Publication - Project Report
Decentralised electric power delivery model for rural electrification in Pakistan
How does one go about providing electricity to 55 million Pakistanis who live “off-grid”? Conventional electrification strategies through large dams and thermal generation sites have a huge and often prohibitive upfront costs of setup and distribution. Recent innovations in photovoltaic technology, coupled with the steady decline in prices of solar panels have made solar solutions popular. Standalone solutions such as the CM Ujala scheme and low voltage micro-grids (e.g. Mera Goa Power in India), present a clean and low emission solutions for providing high quality light to those who live off-grid. However, such solutions offer basic services (typically light and a mobile charging point) and lack the scalability to allow for the provision larger communal loads, such as electricity for local schools, basic health units, or water pumps.
The current project seeks to design and cost a scalable microgrid system that through scale economies allows for the provision of communal loads, in addition to the provision of basic electrification to individual households. Furthermore, by estimating the demand for such services, the project proposes to study the feasibility of such a system, in comparison with existing technologies.
In line with this rationale, we will work on (a) eliciting the demand for such a service, and study changes in consumer willingness to pay based on their experience with the technology and (b) analyse the potential effects of basic electrification to these off-grid communities. Electrification would lower fuel costs and relax the day-light constraint on productive hours. Second, data on both the supply and demand side will allow us to guide policy on the most efficient route for rural electrification. We also aim to engage relevant government agencies and provide them with material to support the attempts to change laws with regards to generation and sale of electricity by and to private parties. This can help create a micro-energy economy with a viable, scalable and profitable microgrid model providing opportunities for entrepreneurs to enter the market and also provide new sources of employment.
The current project will serve as the foundation for a full scale study, where demand side parameters will be estimated through a randomized control trial. The current IGC funded project will:
- Design and cost a decentralized high voltage DC microgrid, which can provide for a communal load of up to 500VA, in addition to providing basic electrification to households in a rural settlement.
- Conduct a survey in a village cluster containing both off-grid and Semi-Electrified Rural (SER) settlements, in order to provide an estimate of the demand for such services.

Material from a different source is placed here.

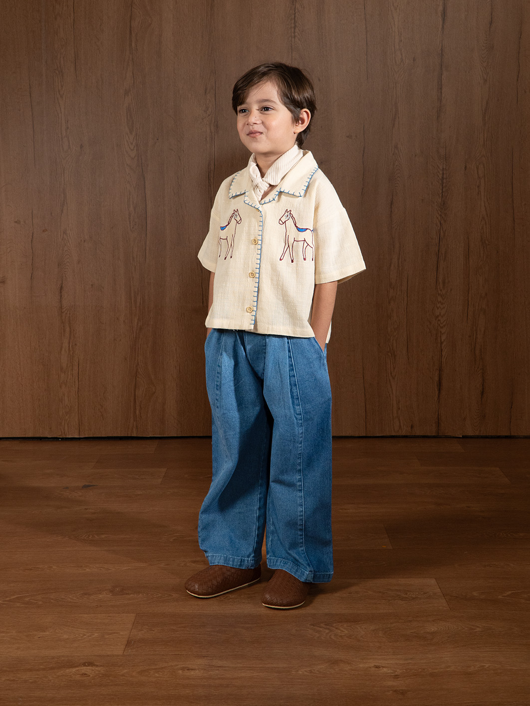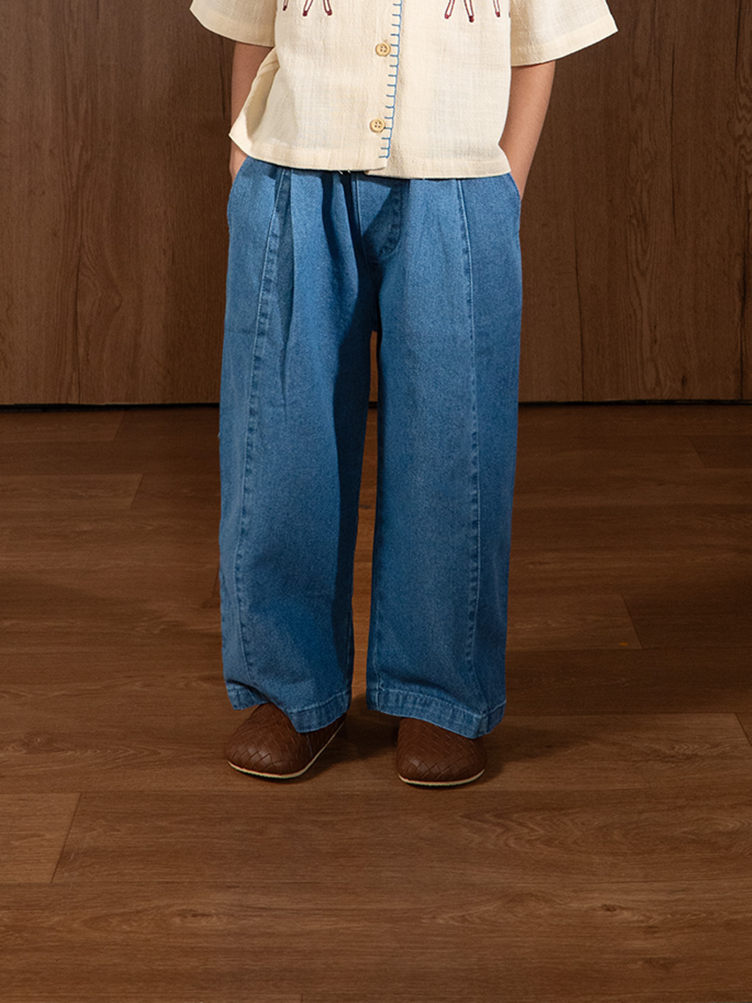 Celana anak berbahan denim dengan cutting loose pants, dengan detail full karet pada bagian pinggang dan tali pada bagian depan yang mempermanis tampilan celana. Sangat nyaman digunakan, lembut, ringan dan breathable.

Results from the village level survey will also feed into the second phase of the study, as the baseline for piloting the randomized control trial. In addition to direct policy impact, the hardware system design will provide the basis for new knowledge in applied sciences. In the field of economics, the project is a first step in pursuit of a full RCT that will be identifying factors that affect willingness to pay. This work will lead to a low-cost decentralized power delivery through solar energy without significant overheads from Government agencies.